The terrible reality is that electricity consumption is expected to increase 160% by mid-century.  And the terrible reality is that most of that new electricity is going to be made by burning coal--and not cleanly, either.  China is building about one coal-fired plant a week.

There is no incentive in the US for utilities to build coal gasification plants or plants that sequester carbon.

Why will coal be the answer society chooses?  Because people accept the risks of coal, which kills 24,000 prematurely every year in the US alone.  Because only coal, nuclear, and hydro offer reliable around the clock electricity that does not need a backup.  And in the US we only get 5% from hydro--shrinking, too, because of drought.

Until the US decides to invest in a big way in R&D for ways to store renewable energy, then the new electricity will be from coal and, if we are fortunate, nuclear.

As for terrorists blowing up nuclear plants, it really is not possible unless they get their hands on thermonuclear weapons.  I am sure they would prefer to use them on cities instead.

by Plan9 on Wed Aug 30th, 2006 at 03:20:03 PM EST
it's not so much terrorists blowing up nuke plants i worry about, it's their stealing plutonium through bribery or such, and then using it on cities.

if there were no coal or uranium, and we had to MAKE DO on whatever else we can cobble together, what would happen?

yes it would take extraordinary governance, the likes of which is rarer than diamonds in the dust right now, but if enough of the populace educate themselves and take responsibility for their eco-footprint size, i feel certain organisational systems will emerge (see sven), and work to creat the benefits of order out of the pot pourri of chaotic choices that remain unexplored or repressed, as we continue to support leviathans' drunken staggering towards an historical precipice, squawking or dumb, as the case may be.

if coal can be burned cleanly and still be affordable, then so be it.

if the nuke industry can be shown to be transparent, responsible and self-supporting, rather than the secretive, treacherous, and duplicitous self it's hitherto revealed, then maybe...

but meanwhile every day not addressing a future that works on the basis of sustainability and maximim quality of life for the greatest number, AND CAN CLEAN UP ITS OWN MESS AS IT GOES ALONG, is another day wasted in chatter, as the titanic orchestra tunes up for the last waltz.

'The history of public debt is full of irony. It rarely follows our ideas of order and justice.' Thomas Piketty

by melo (melometa4(at)gmail.com) on Thu Aug 31st, 2006 at 09:26:24 AM EST
[ Parent ]
Very good diary, MB, full of a practical, positive spirit, whether it's you recalling the much-maligned old days, or McKibben talking about the walk and local democracy. To assemble a crowd under the noses of the media, those words carry some weight.
by afew (afew(a in a circle)eurotrib_dot_com) on Wed Aug 30th, 2006 at 03:39:10 PM EST
LA Times have a special multimedia report on the state of the oceans. This is not exactly (or entirely) global warming, but the scale human impact is shocking.
by das monde on Wed Aug 30th, 2006 at 07:04:35 PM EST
Vermont generates most (1/3) of her electricity by nuclear power plants, and gets a big chunk of the remainder (1/4) from Canadian hydroelectric plants. Most houses are heated by oil, and wood stoves are popular. Hardly a paragon of environmentally friendly power generation...
by asdf on Thu Aug 31st, 2006 at 09:40:08 AM EST
...for the large-scale mitigation of greenhouse gases that are being emitted on a catastrophic scale?
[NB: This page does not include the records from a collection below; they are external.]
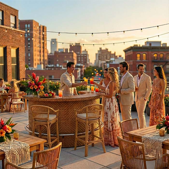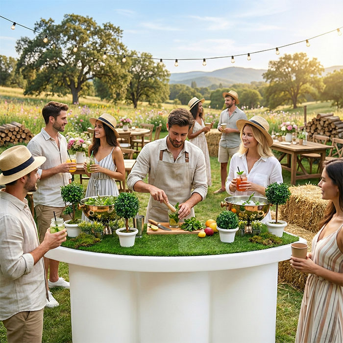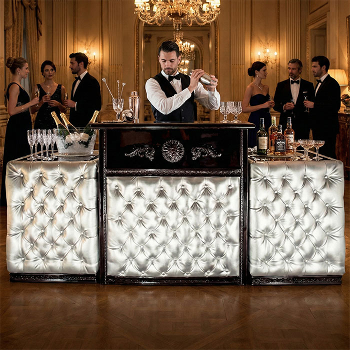 Стильная барная стойка-трансформер со светодиодной подсветкой сочетает функциональность барной зоны и фуршетного стола. Изготовлена из высококачественного экологически безопасного пластика с эргономичной формой для комфортной работы барменов и удобного обслуживания гостей.
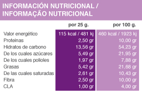 Maltodextrina, grasa vegetal no hidrogenada, harina de trigo, proteína de suero ultrafiltrada, dextrosa, glucomanan, malitol (7,88%), manteca de cacao, aceite CLA (4%), inulina, leche descremada en polvo, emulgente, (lecitina de soja y polirricinoleato de poliglicerol), espesante (goma guar), gasificantes (bicarbonato amónico y bicarbonato sódico), y aromas.
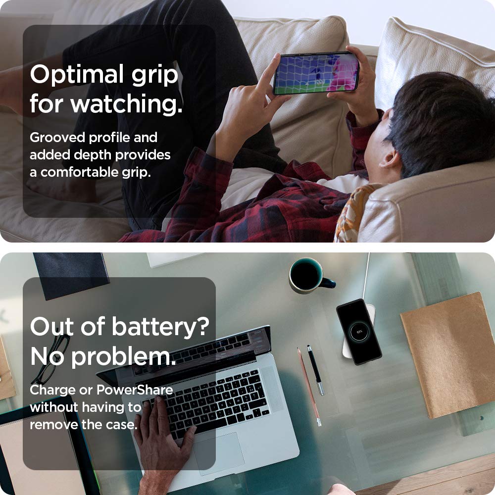 Inspired by car design, Rugged Armor® secures the Galaxy S21 Ultra in a timeless and streamlined body. Its slim frame is textured with carbon fiber detailing and subtle glossy accents.
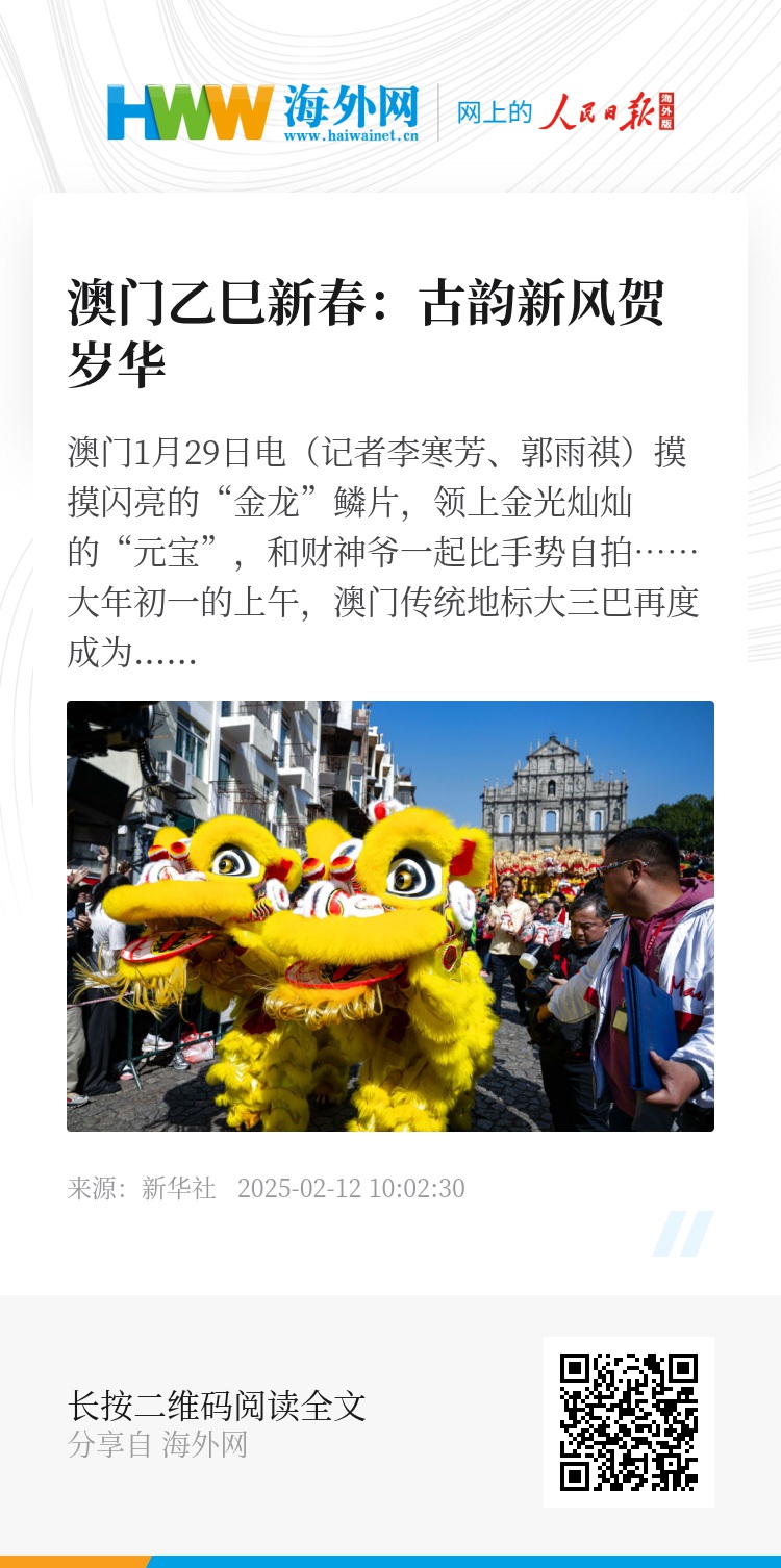 当爆竹声声入耳,当烟花照亮镜海,属于濠江的春之圆舞曲,正谱写出中西文明交融的时代新韵。

In the real world, wind and solar, admirable as they are, account for less than 1% of our global energy.  The most ambitious goals for wind as stated by realistic proponents indicate that if all goes optimally we can  hope to receive 20% of our power from wind by mid-century.  That's a lot, and let's do it. But that leaves 80%. Without nuclear power, most of that percentage will come from fossil fuel combustion.

Without nuclear power we cannot avoid greenhouse gases on a large scale and still meet present and future electricity demand, even with a great deal of conservation.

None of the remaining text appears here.